Your goal: When you reach the records below, output every one exactly as written but leave out any pictures.

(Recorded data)

○ ○ ○ ○ ○

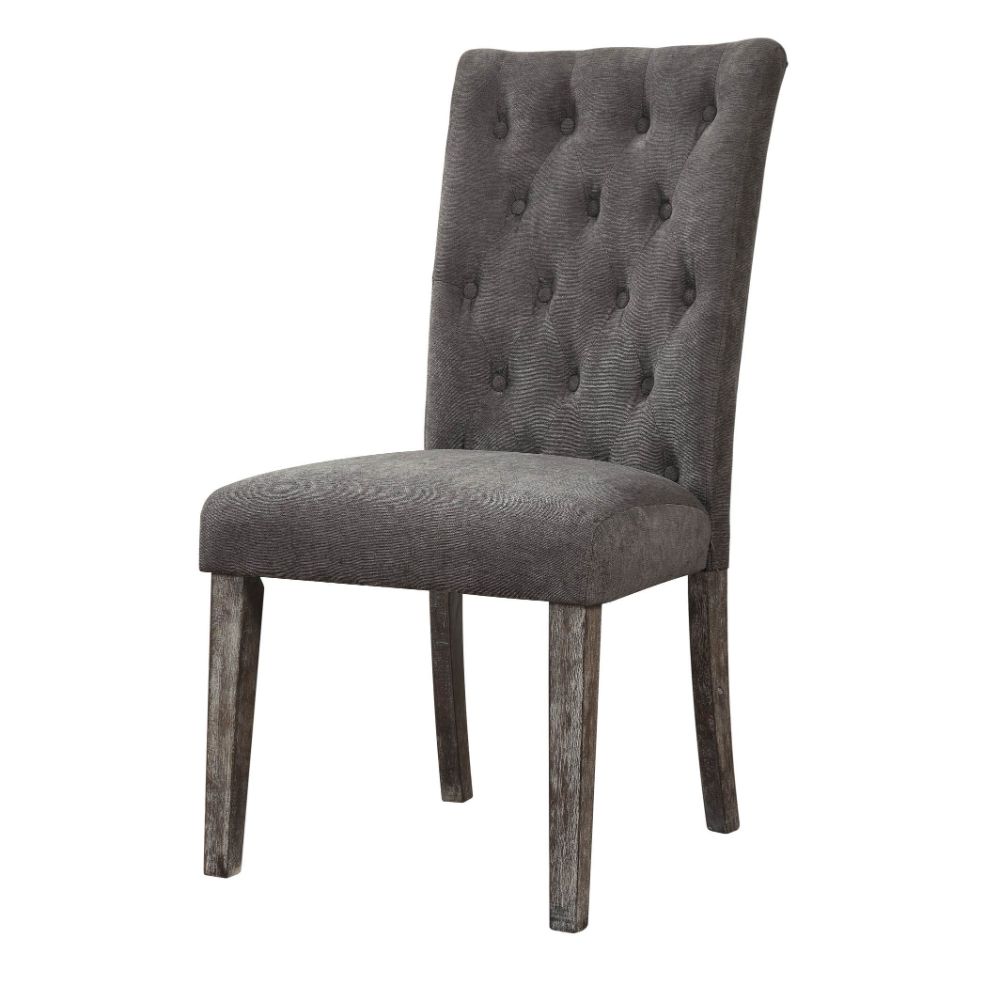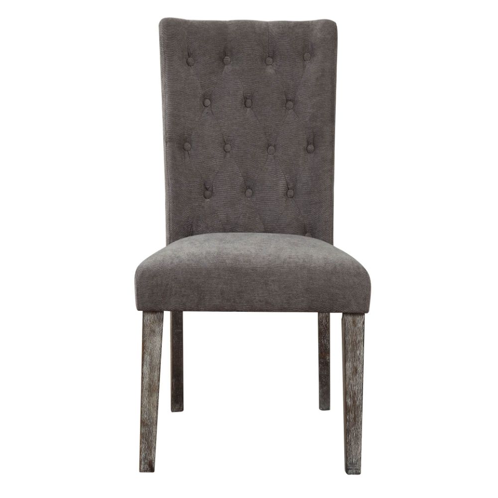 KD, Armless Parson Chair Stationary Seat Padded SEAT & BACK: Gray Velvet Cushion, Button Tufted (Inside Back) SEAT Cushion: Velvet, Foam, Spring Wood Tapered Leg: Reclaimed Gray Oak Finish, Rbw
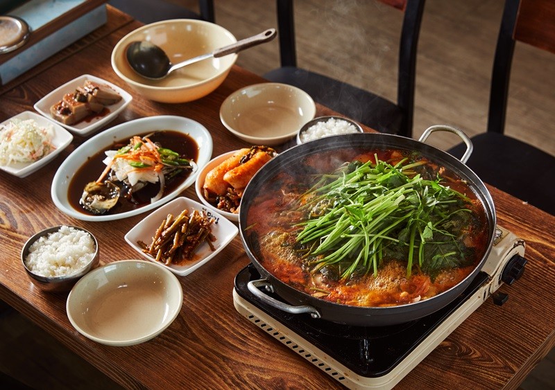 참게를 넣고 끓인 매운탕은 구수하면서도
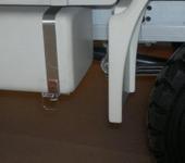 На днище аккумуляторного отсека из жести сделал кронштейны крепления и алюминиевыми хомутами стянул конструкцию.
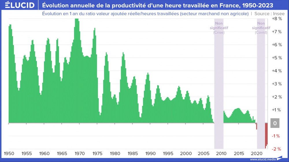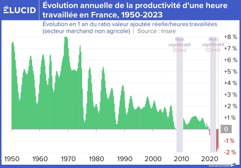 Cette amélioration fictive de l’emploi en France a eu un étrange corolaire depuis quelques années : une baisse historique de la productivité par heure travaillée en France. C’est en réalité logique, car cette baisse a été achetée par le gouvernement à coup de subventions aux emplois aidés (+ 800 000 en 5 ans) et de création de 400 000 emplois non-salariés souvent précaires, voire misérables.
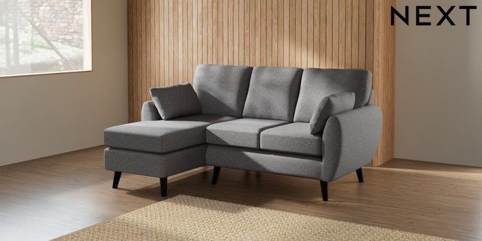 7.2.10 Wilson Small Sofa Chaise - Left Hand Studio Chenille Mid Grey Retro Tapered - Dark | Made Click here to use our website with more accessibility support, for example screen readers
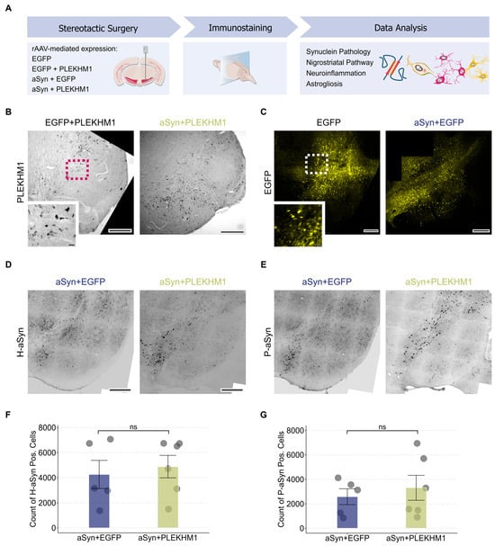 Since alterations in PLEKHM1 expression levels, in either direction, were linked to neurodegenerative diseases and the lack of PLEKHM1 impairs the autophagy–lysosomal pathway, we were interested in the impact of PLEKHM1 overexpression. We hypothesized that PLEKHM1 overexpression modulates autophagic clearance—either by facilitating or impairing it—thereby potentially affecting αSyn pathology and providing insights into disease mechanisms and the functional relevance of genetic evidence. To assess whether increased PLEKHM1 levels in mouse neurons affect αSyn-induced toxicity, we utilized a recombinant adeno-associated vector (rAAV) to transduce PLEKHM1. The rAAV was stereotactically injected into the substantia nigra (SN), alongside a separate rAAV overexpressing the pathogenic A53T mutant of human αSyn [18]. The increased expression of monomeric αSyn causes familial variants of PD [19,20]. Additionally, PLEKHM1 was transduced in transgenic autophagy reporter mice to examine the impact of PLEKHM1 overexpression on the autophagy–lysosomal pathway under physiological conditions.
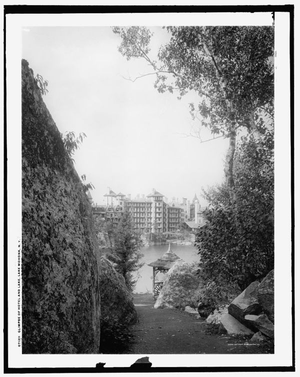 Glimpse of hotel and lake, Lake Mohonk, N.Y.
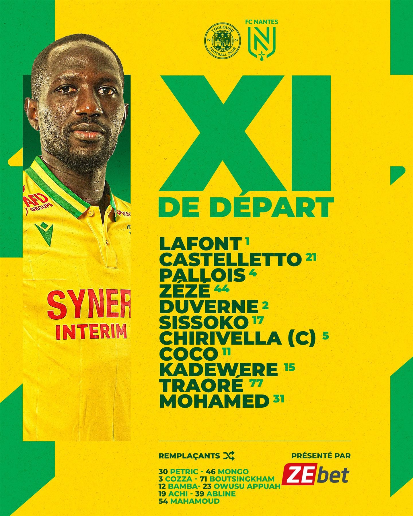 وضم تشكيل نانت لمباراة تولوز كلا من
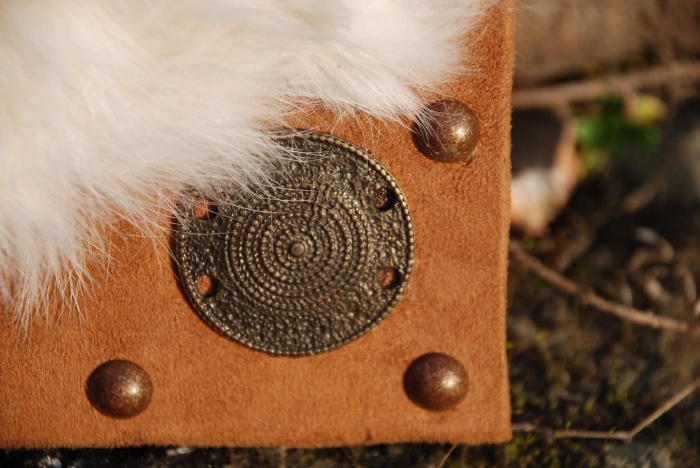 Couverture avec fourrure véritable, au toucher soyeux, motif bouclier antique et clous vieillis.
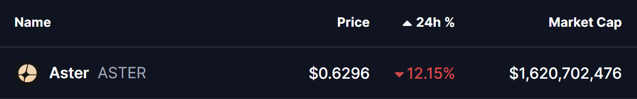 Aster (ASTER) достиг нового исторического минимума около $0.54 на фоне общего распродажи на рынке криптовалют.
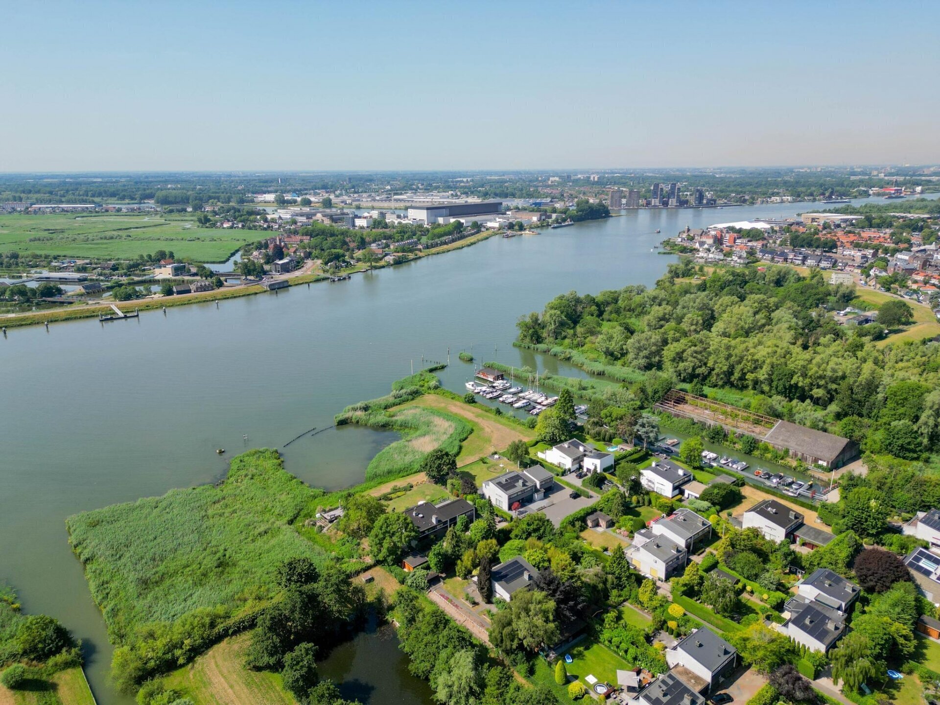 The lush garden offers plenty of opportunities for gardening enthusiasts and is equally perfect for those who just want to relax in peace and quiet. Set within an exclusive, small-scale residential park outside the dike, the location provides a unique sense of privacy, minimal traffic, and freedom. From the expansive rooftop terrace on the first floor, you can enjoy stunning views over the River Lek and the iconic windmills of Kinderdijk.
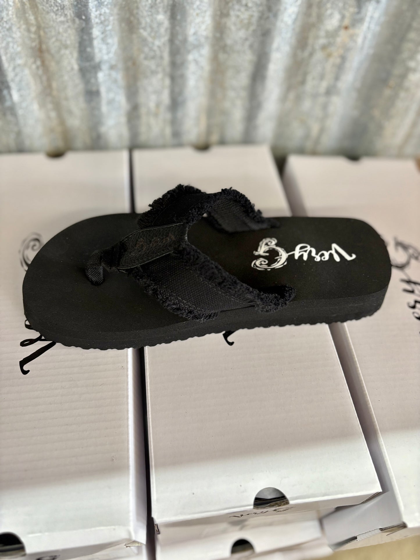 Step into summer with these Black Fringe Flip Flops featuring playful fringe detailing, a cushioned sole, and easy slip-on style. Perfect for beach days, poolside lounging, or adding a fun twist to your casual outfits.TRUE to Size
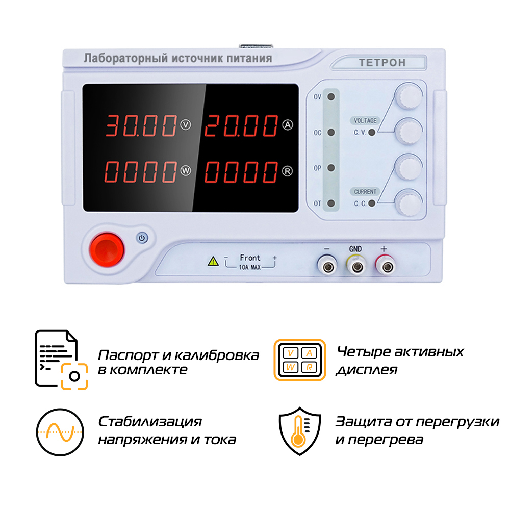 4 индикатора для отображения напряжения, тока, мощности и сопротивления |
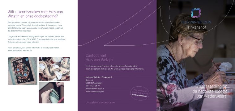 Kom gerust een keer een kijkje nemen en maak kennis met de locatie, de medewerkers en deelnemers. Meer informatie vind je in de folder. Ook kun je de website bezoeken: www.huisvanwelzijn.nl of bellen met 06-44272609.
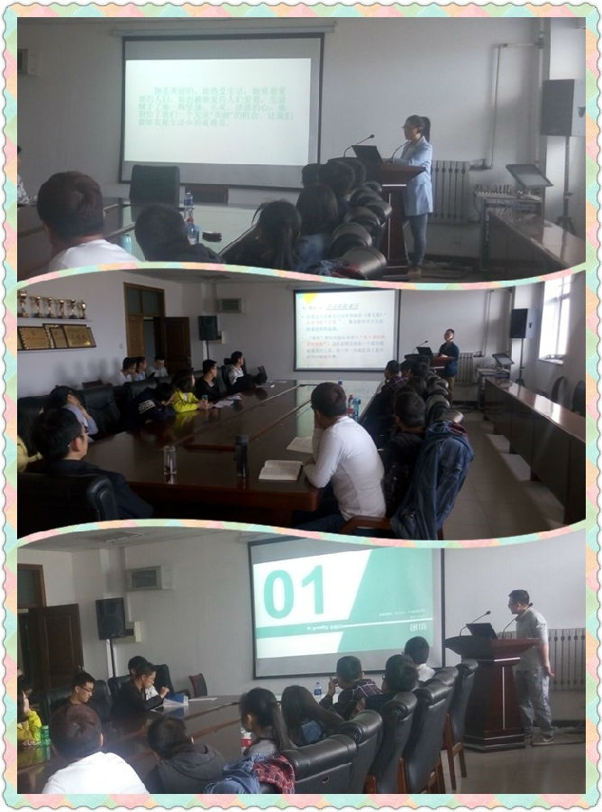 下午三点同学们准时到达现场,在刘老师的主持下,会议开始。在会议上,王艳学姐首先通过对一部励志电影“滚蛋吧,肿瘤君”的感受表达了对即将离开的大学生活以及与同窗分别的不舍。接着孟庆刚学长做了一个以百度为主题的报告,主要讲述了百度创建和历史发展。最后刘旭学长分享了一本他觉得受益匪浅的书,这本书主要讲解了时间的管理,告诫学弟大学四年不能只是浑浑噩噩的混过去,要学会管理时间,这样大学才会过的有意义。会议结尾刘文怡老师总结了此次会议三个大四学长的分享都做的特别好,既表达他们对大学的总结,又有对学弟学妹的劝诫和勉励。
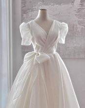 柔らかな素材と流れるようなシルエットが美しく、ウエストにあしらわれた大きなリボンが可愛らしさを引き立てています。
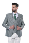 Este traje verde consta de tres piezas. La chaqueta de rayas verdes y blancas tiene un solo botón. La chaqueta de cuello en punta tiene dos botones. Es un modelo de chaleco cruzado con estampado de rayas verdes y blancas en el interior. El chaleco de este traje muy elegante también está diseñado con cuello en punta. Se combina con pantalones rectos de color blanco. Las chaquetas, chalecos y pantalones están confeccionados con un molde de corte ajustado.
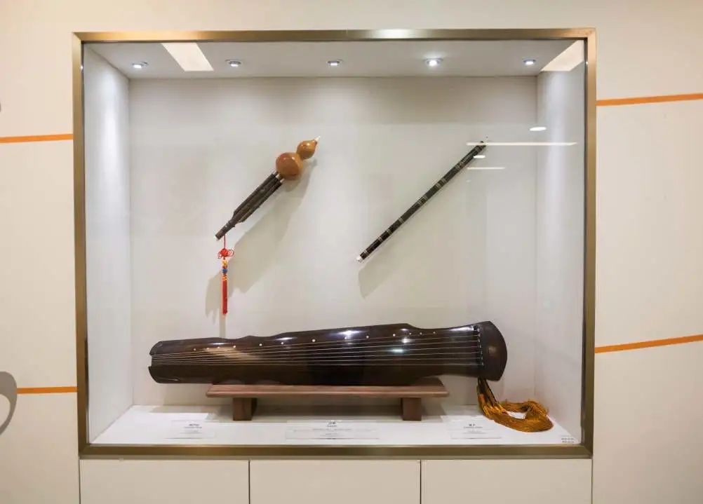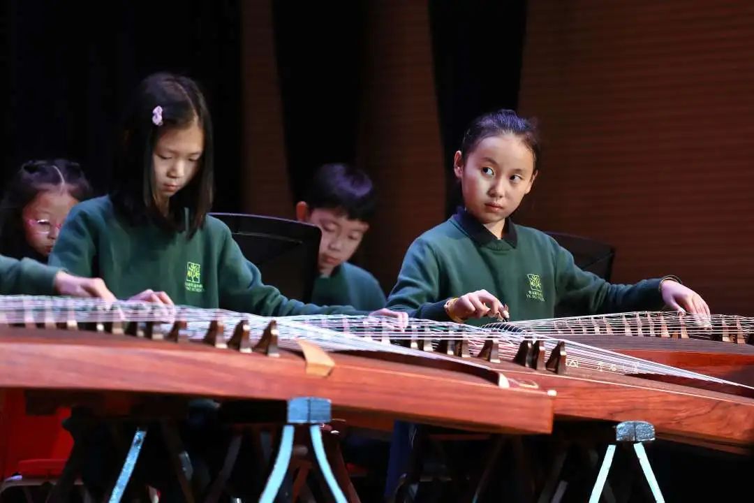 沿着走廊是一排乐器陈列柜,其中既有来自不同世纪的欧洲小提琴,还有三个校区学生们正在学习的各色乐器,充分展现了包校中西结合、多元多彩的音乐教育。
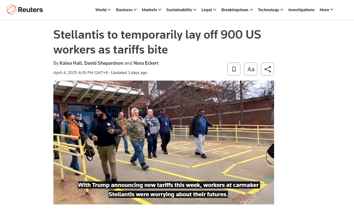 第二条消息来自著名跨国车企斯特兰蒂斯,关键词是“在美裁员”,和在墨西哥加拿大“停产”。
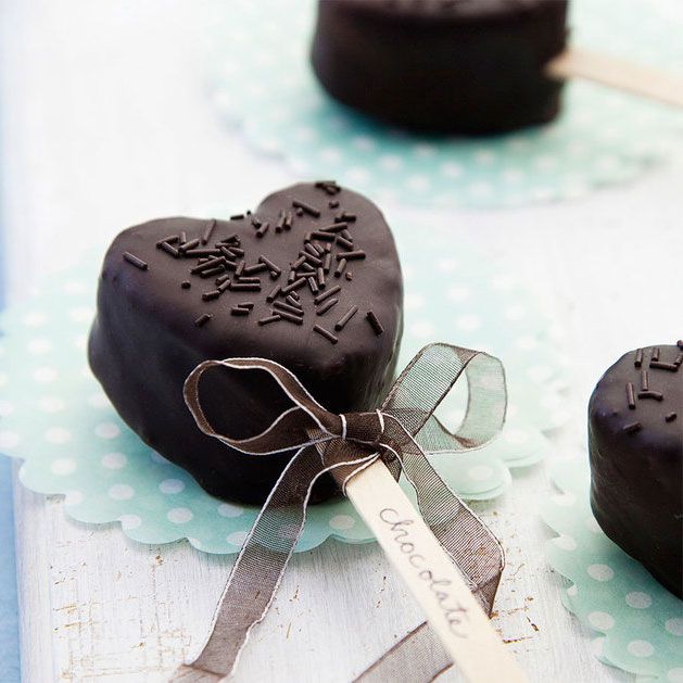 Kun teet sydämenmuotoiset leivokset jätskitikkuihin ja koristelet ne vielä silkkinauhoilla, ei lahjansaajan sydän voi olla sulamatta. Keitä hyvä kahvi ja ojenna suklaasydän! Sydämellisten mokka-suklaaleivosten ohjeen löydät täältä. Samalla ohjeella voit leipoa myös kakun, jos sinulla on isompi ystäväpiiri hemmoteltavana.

○ ○ ○ ○ ○

Problem solution:
 KD, Armless Parson Chair Stationary Seat Padded SEAT & BACK: Gray Velvet Cushion, Button Tufted (Inside Back) SEAT Cushion: Velvet, Foam, Spring Wood Tapered Leg: Reclaimed Gray Oak Finish, Rbw
 참게를 넣고 끓인 매운탕은 구수하면서도
 На днище аккумуляторного отсека из жести сделал кронштейны крепления и алюминиевыми хомутами стянул конструкцию.
 Cette amélioration fictive de l’emploi en France a eu un étrange corolaire depuis quelques années : une baisse historique de la productivité par heure travaillée en France. C’est en réalité logique, car cette baisse a été achetée par le gouvernement à coup de subventions aux emplois aidés (+ 800 000 en 5 ans) et de création de 400 000 emplois non-salariés souvent précaires, voire misérables.
 7.2.10 Wilson Small Sofa Chaise - Left Hand Studio Chenille Mid Grey Retro Tapered - Dark | Made Click here to use our website with more accessibility support, for example screen readers
 Since alterations in PLEKHM1 expression levels, in either direction, were linked to neurodegenerative diseases and the lack of PLEKHM1 impairs the autophagy–lysosomal pathway, we were interested in the impact of PLEKHM1 overexpression. We hypothesized that PLEKHM1 overexpression modulates autophagic clearance—either by facilitating or impairing it—thereby potentially affecting αSyn pathology and providing insights into disease mechanisms and the functional relevance of genetic evidence. To assess whether increased PLEKHM1 levels in mouse neurons affect αSyn-induced toxicity, we utilized a recombinant adeno-associated vector (rAAV) to transduce PLEKHM1. The rAAV was stereotactically injected into the substantia nigra (SN), alongside a separate rAAV overexpressing the pathogenic A53T mutant of human αSyn [18]. The increased expression of monomeric αSyn causes familial variants of PD [19,20]. Additionally, PLEKHM1 was transduced in transgenic autophagy reporter mice to examine the impact of PLEKHM1 overexpression on the autophagy–lysosomal pathway under physiological conditions.
 Glimpse of hotel and lake, Lake Mohonk, N.Y.
 وضم تشكيل نانت لمباراة تولوز كلا من
 Couverture avec fourrure véritable, au toucher soyeux, motif bouclier antique et clous vieillis.
 Aster (ASTER) достиг нового исторического минимума около $0.54 на фоне общего распродажи на рынке криптовалют.
 The lush garden offers plenty of opportunities for gardening enthusiasts and is equally perfect for those who just want to relax in peace and quiet. Set within an exclusive, small-scale residential park outside the dike, the location provides a unique sense of privacy, minimal traffic, and freedom. From the expansive rooftop terrace on the first floor, you can enjoy stunning views over the River Lek and the iconic windmills of Kinderdijk.
 Step into summer with these Black Fringe Flip Flops featuring playful fringe detailing, a cushioned sole, and easy slip-on style. Perfect for beach days, poolside lounging, or adding a fun twist to your casual outfits.TRUE to Size
 4 индикатора для отображения напряжения, тока, мощности и сопротивления |
 Kom gerust een keer een kijkje nemen en maak kennis met de locatie, de medewerkers en deelnemers. Meer informatie vind je in de folder. Ook kun je de website bezoeken: www.huisvanwelzijn.nl of bellen met 06-44272609.
 下午三点同学们准时到达现场,在刘老师的主持下,会议开始。在会议上,王艳学姐首先通过对一部励志电影“滚蛋吧,肿瘤君”的感受表达了对即将离开的大学生活以及与同窗分别的不舍。接着孟庆刚学长做了一个以百度为主题的报告,主要讲述了百度创建和历史发展。最后刘旭学长分享了一本他觉得受益匪浅的书,这本书主要讲解了时间的管理,告诫学弟大学四年不能只是浑浑噩噩的混过去,要学会管理时间,这样大学才会过的有意义。会议结尾刘文怡老师总结了此次会议三个大四学长的分享都做的特别好,既表达他们对大学的总结,又有对学弟学妹的劝诫和勉励。
 柔らかな素材と流れるようなシルエットが美しく、ウエストにあしらわれた大きなリボンが可愛らしさを引き立てています。
 Este traje verde consta de tres piezas. La chaqueta de rayas verdes y blancas tiene un solo botón. La chaqueta de cuello en punta tiene dos botones. Es un modelo de chaleco cruzado con estampado de rayas verdes y blancas en el interior. El chaleco de este traje muy elegante también está diseñado con cuello en punta. Se combina con pantalones rectos de color blanco. Las chaquetas, chalecos y pantalones están confeccionados con un molde de corte ajustado.
 沿着走廊是一排乐器陈列柜,其中既有来自不同世纪的欧洲小提琴,还有三个校区学生们正在学习的各色乐器,充分展现了包校中西结合、多元多彩的音乐教育。
 第二条消息来自著名跨国车企斯特兰蒂斯,关键词是“在美裁员”,和在墨西哥加拿大“停产”。
 Kun teet sydämenmuotoiset leivokset jätskitikkuihin ja koristelet ne vielä silkkinauhoilla, ei lahjansaajan sydän voi olla sulamatta. Keitä hyvä kahvi ja ojenna suklaasydän! Sydämellisten mokka-suklaaleivosten ohjeen löydät täältä. Samalla ohjeella voit leipoa myös kakun, jos sinulla on isompi ystäväpiiri hemmoteltavana.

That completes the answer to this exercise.